Bij tussenvonnis van 27 juli 2011 heeft de rechtbank onder meer geoordeeld dat alleen [beheer] Beheer BV als partij bij de franchiseovereenkomst heeft te gelden en niet tevens [appellante] en dat indien de vordering van 2 Sell It jegens [beheer] Beheer BV toewijsbaar is, dit op grond van bestuurdersaansprakelijkheid tevens het geval is jegens [appellante] . De rechtbank heeft 2 Sell It een bewijsopdracht verstrekt inzake de nakoming van haar verplichtingen.
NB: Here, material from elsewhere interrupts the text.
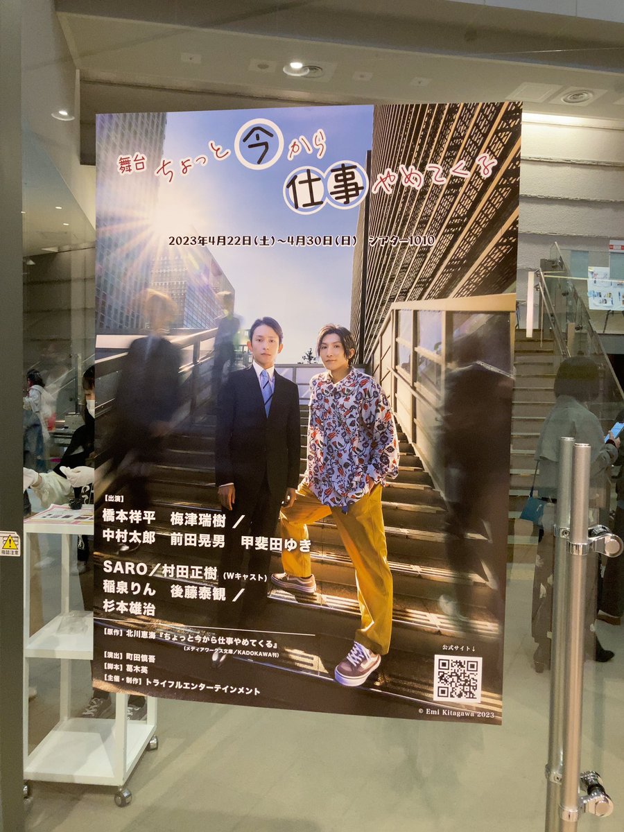 舞台「ちょっと今から仕事やめてくる」、主演の橋本祥平さん梅津瑞樹さんはじめ出演者の皆様およびスタッフの皆様お疲れ様でした! 何もかも放り出したくなるときがあっても、誰かに手を伸ばせる誰かになれた青山と山本の今後が幸せでありますよう… https://t.co/NdX99IuISD

Naar aanleiding hiervan heeft 2 Sell It schriftelijk bewijs geleverd.

Bij tussenvonnis van 30 mei 2012 heeft de rechtbank 2 Sell It in de gelegenheid gesteld alsnog getuigen te doen horen.

Bij tussenvonnis van 6 november 2013 heeft de rechtbank geoordeeld dat 2 Sell It in het bewijs geslaagd is en [appellante] een bewijsopdracht verstrekt inzake de totstandkoming van de franchiseovereenkomst.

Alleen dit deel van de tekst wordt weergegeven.